The day opened finely. It was admirable summer weather, warm and clear, with bright sunshine in the open plain and a grateful shade under the village trees. The mass was fixed for nine o'clock—a quick mass with Church music. Christiane, who had arrived before the office, in order to inspect the ornamentation of the church with garlands of flowers that had been sent from Royat and Clermont-Ferrand, consented to walk behind it. The curé, Abbé Litre, followed her accompanied by the Oriol girls, and he introduced them to her. Christiane immediately invited the young girls to luncheon. They accepted her invitation with blushes and respectful bows.
The faithful were now making their appearance. Christiane and her girls sat down on three chairs of honor reserved for them at the side of the choir, facing three other chairs, which were occupied by young lads dressed in their Sunday clothes, sons of the mayor, of the deputy, and of a municipal councilor, selected to accompany the lady-collectors and to flatter the local authorities. Everything passed off well.
The office was short. The collection realized one hundred and ten francs, which, added to Andermatt's five hundred francs, the Marquis's fifty francs, and a hundred francs contributed by Paul Bretigny, made a total of seven hundred and sixty, an amount never before reached in the parish of Enval. Then, after the conclusion of the ceremony, the Oriol girls were brought to the hotel. They appeared to be a little abashed, without any display of awkwardness, however, and scarcely uttered one word, through modesty rather than through timidity. They sat down to luncheon at the table d'hôte, and pleased the meal of all the men.
The elder the more serious of the pair, the younger the more sprightly, the elder better bred, in the common-place acceptation of the word, the younger more pleasant, they yet resembled one another as closely as two sisters possibly could.
As soon as the meal was finished, they repaired to the Casino for the lottery-drawing at the tombola, which was fixed for two o'clock.
The park, already invaded by the mixed crowd of bathers and peasants, presented the aspect of an outlandish fête.
Under their Chinese kiosque the musicians were executing a rural symphony, a work composed by Saint Landri himself.
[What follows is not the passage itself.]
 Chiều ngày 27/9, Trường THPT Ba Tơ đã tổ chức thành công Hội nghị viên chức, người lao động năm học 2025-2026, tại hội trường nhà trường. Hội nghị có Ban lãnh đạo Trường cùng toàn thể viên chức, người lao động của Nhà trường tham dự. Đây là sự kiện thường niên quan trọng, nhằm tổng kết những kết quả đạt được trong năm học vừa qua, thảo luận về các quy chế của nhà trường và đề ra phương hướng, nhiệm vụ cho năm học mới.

Paul, who accompanied Christiane, suddenly drew up:
"Look here!" said he, "that's pretty! He has some talent, that chap! With an orchestra, he could produce a fine effect."
Then he asked: "Are you fond of music, Madame?"
"Exceedingly."
"As for me, it overwhelms me. When I am listening to a work that I like, it seems to me first that the opening notes detach my skin from my flesh, melt it, dissolve it, cause it to disappear, and leave me like one flayed alive, under the combined attacks of the instruments. And in fact it is on my nerves that the orchestra is playing, on my nerves stripped bare, vibrating, trembling at every note. I hear it, the music, not merely with my ears, but with all the sensibility of my body quivering from head to foot. Nothing gives me such exquisite pleasure, or rather such exquisite happiness."
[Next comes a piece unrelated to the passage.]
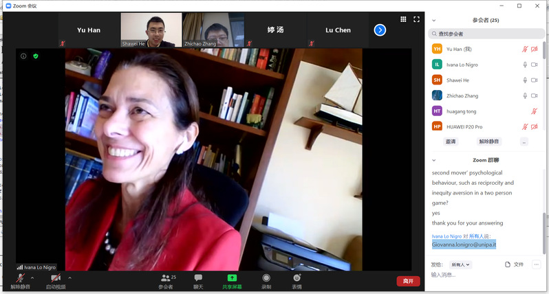 12月28日下午,意大利巴勒莫大学教授Giovanna Lo Nigro受学院智能决策与风险分析研究所邀请,在ZOOM会议作了题为“The interplay of reciprocity propensity and inequality aversion in two-person games”的学术报告。我院徐海燕教授、何沙玮副教授等教师及部分硕、博研究生线上参加了Giovanna Lo Nigro的报告分享,本次学术报告由何沙玮主持。

She smiled, and then said: "Your sensibilities are keen."
"By Jove, they are! What is the good of living if one has not keen sensibilities? I do not envy those people who wear over their hearts a tortoise's shell or a hippopotamus's hide. Those alone are happy who feel their sensations acutely, who receive them like shocks, and savor them like dainty morsels. For it is necessary to reason out all our emotions, joyous and sad, to be satiated with them, to be intoxicated with them to the most intense degree of bliss or the most extreme pitch of suffering."
She raised her eyes to look up at his face, with that sense of astonishment which she had experienced during the past eight days at all the things that he said. Indeed, during these eight days, this new friend—for, despite her repugnance toward him, on first acquaintance, he had in this short interval become her friend—was every moment shaking the tranquillity of her soul, and disturbing it as a pool of water is disturbed by flinging stones into it. And he flung stones, big stones, into this soul which had calmly slumbered until now.
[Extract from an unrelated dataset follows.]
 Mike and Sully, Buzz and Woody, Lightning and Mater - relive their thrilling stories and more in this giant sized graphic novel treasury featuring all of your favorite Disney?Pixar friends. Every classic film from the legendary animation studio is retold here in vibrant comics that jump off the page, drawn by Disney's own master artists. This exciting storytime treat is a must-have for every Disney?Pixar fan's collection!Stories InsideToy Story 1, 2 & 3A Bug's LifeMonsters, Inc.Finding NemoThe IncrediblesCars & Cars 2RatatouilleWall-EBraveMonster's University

Christiane's father, like all fathers, had always treated her as a little girl, to whom one ought not to say anything of a serious nature; her brother made her laugh rather than reflect; her husband did not consider it right for a man to speak of anything whatever to his wife outside the interests of their common life; and so she had hitherto lived perfectly contented, her mind steeped in a sweet torpor.
This newcomer opened her intellect with ideas which fell upon it like strokes of a hatchet. Moreover, he was one of those men who please women, all women, by his very nature, by the vibrating acuteness of his emotions. He knew how to talk to them, to tell them everything, and he made them understand everything. Incapable of continuous effort but extremely intelligent, always loving or hating passionately, speaking of everything with the ingenious ardor of a man fanatically convinced, variable as he was enthusiastic, he possessed to an excessive degree the true feminine temperament, the credulity, the charm, the mobility, the nervous sensibility of a woman, with the superior intellect, active, comprehensive, and penetrating, of a man.
Gontran came up to them in a hurry. "Come back," said he, "and give a look at the Honorat family."
They returned, and saw Doctor Honorat, accompanied by a fat, old woman in a blue dress, whose head looked like a nursery-garden, for every variety of plants and flowers were gathered together on her head.
Christiane asked in astonishment: "This is his wife, then? But she is fifteen years older than her husband."
"Yes, she is sixty-five—an old midwife whom he fell in love with between two confinements. This, however, is one of those households in which they are nagging at one another from morning till night."
They made their way toward the Casino, attracted by the exclamations of the crowd. On a large table, in front of the establishment, were displayed the lots of the tombola, which were drawn by Petrus Martel, assisted by Mademoiselle Odelin of the Odéon, a very small brunette, who also announced the numbers, with mountebank's tricks, which greatly diverted the spectators. The Marquis, accompanied by the Oriol girls and Andermatt, reappeared, and asked: "Are we to remain here? It is very noisy."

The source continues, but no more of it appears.